Task details
The required output is the exact run of lines in the listing below from the line holding "alte Ansichtskarte, gelaufen" through the line holding "La combinación de", with no pictures.

Data extracts
Content starts

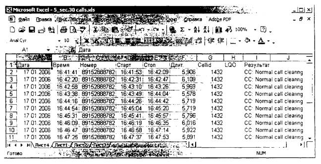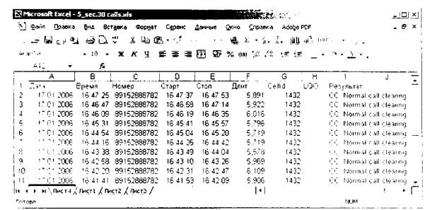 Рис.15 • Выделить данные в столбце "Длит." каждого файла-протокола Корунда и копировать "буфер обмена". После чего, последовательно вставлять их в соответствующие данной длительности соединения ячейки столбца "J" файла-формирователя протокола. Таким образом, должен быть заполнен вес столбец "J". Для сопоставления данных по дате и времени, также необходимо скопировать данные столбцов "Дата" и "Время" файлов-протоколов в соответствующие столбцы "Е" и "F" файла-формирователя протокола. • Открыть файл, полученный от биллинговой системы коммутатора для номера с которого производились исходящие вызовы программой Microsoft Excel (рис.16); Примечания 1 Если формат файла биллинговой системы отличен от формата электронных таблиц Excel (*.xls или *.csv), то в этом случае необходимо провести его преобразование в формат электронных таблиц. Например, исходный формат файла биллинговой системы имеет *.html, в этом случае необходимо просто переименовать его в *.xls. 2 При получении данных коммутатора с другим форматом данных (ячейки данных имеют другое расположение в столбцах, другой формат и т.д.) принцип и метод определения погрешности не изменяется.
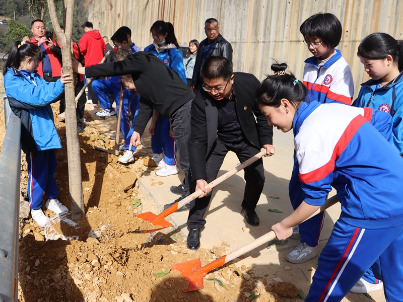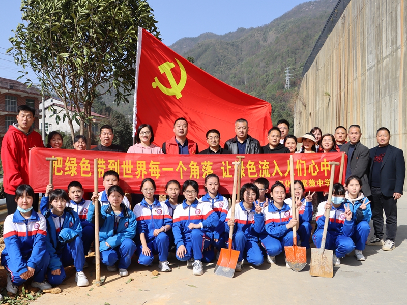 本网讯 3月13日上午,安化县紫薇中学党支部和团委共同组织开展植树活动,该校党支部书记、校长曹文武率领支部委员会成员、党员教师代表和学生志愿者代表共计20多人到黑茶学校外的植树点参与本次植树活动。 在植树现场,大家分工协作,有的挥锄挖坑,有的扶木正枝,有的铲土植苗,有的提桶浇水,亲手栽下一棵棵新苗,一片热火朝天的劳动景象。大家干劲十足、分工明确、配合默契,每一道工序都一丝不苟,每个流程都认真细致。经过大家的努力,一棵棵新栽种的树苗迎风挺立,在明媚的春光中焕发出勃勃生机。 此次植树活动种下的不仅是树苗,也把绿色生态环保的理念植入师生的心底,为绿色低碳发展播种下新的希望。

Content ends
Content starts

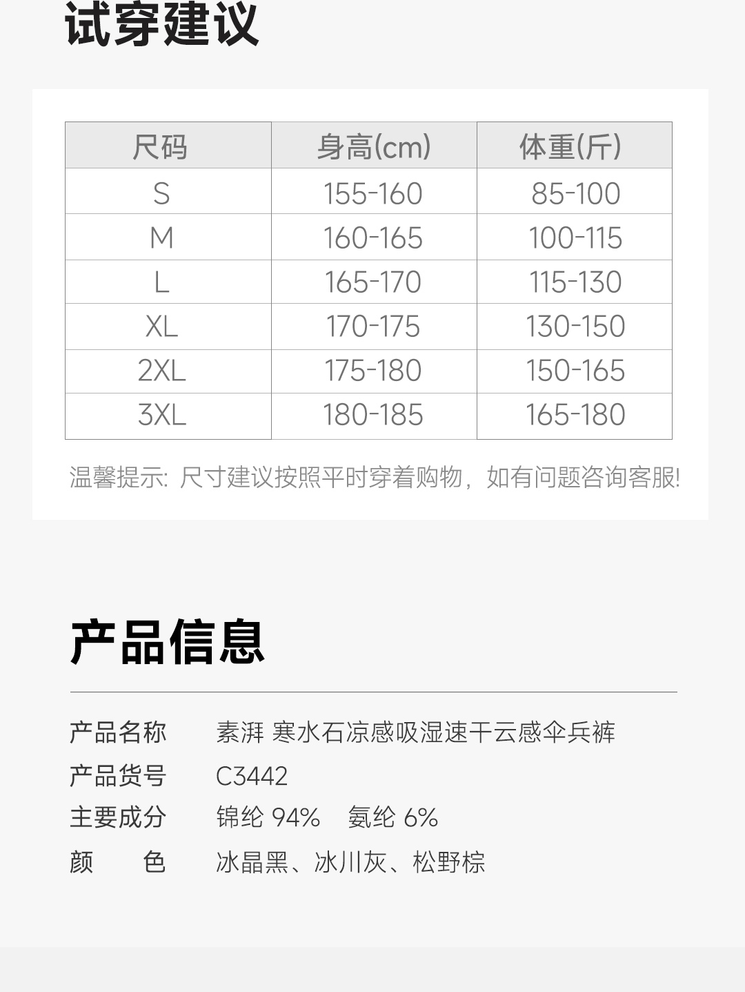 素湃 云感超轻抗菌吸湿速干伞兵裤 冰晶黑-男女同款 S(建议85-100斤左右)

Content ends
Content starts

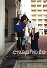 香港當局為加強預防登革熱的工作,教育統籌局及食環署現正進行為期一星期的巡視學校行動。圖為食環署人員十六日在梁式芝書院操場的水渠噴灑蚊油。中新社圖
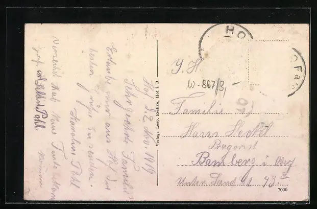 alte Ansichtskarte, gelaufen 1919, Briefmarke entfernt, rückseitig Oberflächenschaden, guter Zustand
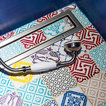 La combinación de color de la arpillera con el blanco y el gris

Content ends

Response
 alte Ansichtskarte, gelaufen 1919, Briefmarke entfernt, rückseitig Oberflächenschaden, guter Zustand
 La combinación de color de la arpillera con el blanco y el gris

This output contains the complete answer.